(Data items)

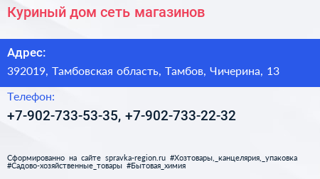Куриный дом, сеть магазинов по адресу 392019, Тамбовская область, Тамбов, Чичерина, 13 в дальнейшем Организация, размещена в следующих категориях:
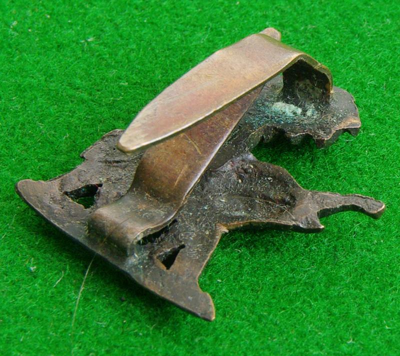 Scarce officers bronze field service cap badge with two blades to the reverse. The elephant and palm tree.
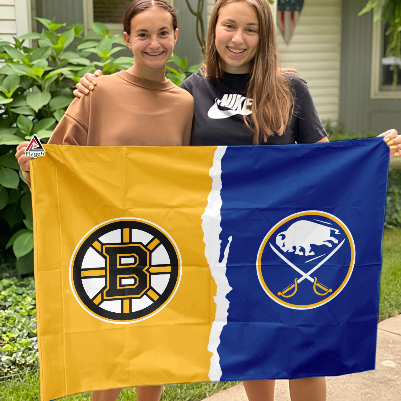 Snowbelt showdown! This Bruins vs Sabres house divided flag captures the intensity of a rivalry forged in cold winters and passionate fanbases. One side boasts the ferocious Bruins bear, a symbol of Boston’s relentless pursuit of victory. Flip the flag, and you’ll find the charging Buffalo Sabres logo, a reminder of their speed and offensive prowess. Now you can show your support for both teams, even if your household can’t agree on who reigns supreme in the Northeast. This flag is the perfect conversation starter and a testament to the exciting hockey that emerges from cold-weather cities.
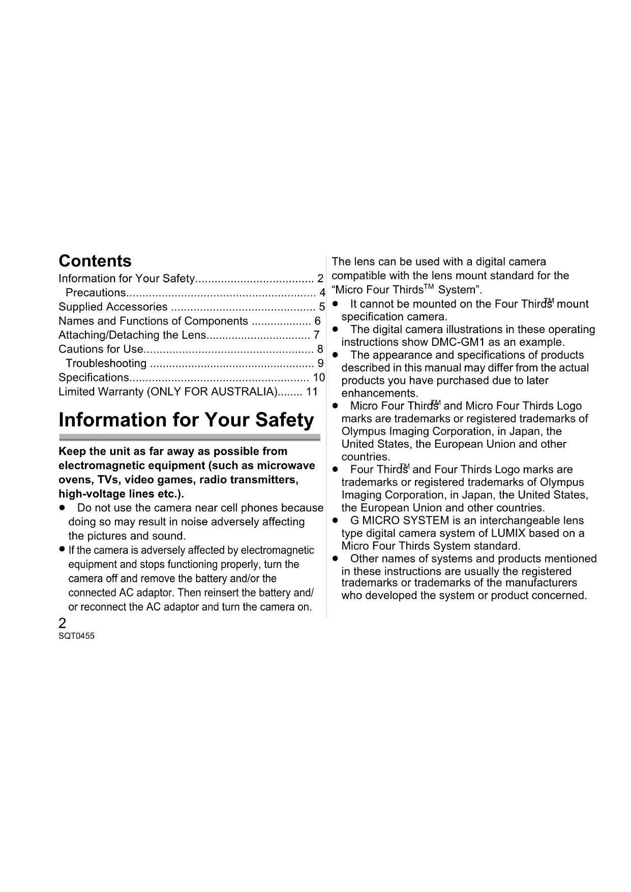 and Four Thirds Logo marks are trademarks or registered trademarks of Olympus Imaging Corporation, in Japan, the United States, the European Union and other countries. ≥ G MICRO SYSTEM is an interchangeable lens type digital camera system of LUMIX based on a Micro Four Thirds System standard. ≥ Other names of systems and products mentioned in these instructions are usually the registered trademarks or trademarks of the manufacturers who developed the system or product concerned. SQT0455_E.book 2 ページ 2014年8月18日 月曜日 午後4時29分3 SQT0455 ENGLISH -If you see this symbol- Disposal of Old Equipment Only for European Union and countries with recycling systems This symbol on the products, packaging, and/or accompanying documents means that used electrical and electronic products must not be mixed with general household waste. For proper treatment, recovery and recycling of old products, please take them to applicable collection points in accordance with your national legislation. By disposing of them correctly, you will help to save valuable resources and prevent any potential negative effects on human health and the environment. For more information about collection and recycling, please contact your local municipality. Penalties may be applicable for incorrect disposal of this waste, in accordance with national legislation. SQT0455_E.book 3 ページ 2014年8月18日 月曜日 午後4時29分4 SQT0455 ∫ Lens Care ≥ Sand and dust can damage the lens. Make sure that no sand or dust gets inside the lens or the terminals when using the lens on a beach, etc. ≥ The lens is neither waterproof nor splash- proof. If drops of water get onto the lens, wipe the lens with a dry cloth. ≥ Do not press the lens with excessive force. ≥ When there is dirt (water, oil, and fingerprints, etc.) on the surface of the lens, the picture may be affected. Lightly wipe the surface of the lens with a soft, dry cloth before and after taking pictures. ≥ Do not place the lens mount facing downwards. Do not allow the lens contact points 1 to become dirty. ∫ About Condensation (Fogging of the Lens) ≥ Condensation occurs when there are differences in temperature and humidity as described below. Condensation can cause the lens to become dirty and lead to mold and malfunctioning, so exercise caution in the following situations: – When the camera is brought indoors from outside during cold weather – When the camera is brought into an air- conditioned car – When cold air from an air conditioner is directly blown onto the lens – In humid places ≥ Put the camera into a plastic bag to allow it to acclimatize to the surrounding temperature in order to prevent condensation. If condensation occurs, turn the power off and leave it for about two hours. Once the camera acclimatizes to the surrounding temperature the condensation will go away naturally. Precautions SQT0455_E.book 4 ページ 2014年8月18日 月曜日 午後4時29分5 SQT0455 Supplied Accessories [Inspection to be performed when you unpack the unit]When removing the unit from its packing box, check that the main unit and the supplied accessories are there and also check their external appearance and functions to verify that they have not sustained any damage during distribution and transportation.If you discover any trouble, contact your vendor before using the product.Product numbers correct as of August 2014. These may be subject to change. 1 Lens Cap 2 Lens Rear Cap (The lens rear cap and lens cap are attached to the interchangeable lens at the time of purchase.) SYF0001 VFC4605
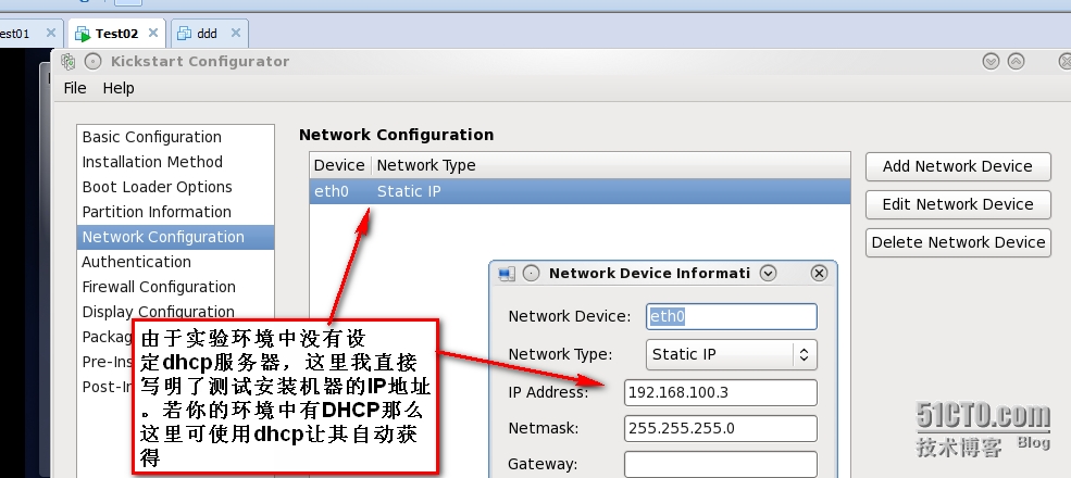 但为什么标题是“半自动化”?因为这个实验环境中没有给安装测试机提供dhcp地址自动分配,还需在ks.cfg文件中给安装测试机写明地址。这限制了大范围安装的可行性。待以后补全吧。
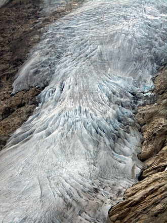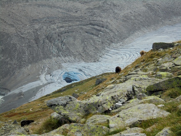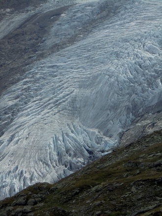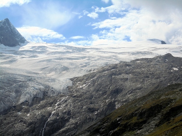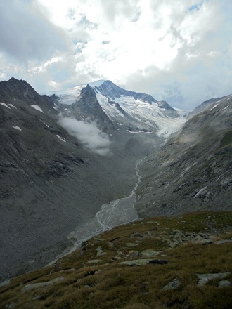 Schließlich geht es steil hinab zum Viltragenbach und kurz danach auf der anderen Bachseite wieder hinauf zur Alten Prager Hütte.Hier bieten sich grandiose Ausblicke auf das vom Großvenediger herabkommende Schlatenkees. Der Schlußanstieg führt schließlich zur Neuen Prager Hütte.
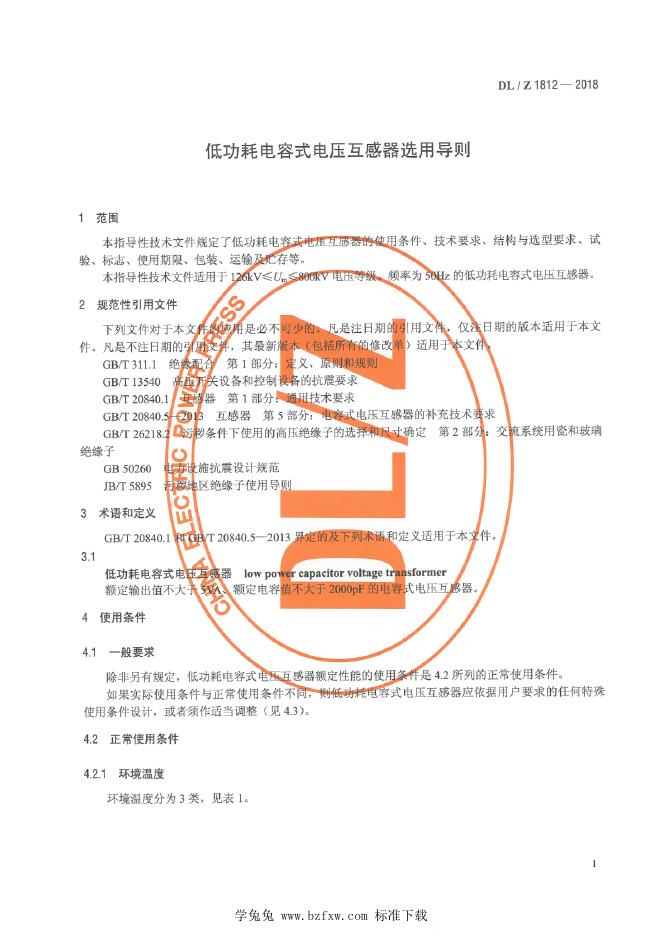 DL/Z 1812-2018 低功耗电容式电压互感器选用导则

● Instructions to follow
Stop after the line containing "Snowbelt showdown! This": copy the records exactly from the first line up to there, leaving pictures out.

● Response box
Куриный дом, сеть магазинов по адресу 392019, Тамбовская область, Тамбов, Чичерина, 13 в дальнейшем Организация, размещена в следующих категориях:
 Scarce officers bronze field service cap badge with two blades to the reverse. The elephant and palm tree.
 Snowbelt showdown! This Bruins vs Sabres house divided flag captures the intensity of a rivalry forged in cold winters and passionate fanbases. One side boasts the ferocious Bruins bear, a symbol of Boston’s relentless pursuit of victory. Flip the flag, and you’ll find the charging Buffalo Sabres logo, a reminder of their speed and offensive prowess. Now you can show your support for both teams, even if your household can’t agree on who reigns supreme in the Northeast. This flag is the perfect conversation starter and a testament to the exciting hockey that emerges from cold-weather cities.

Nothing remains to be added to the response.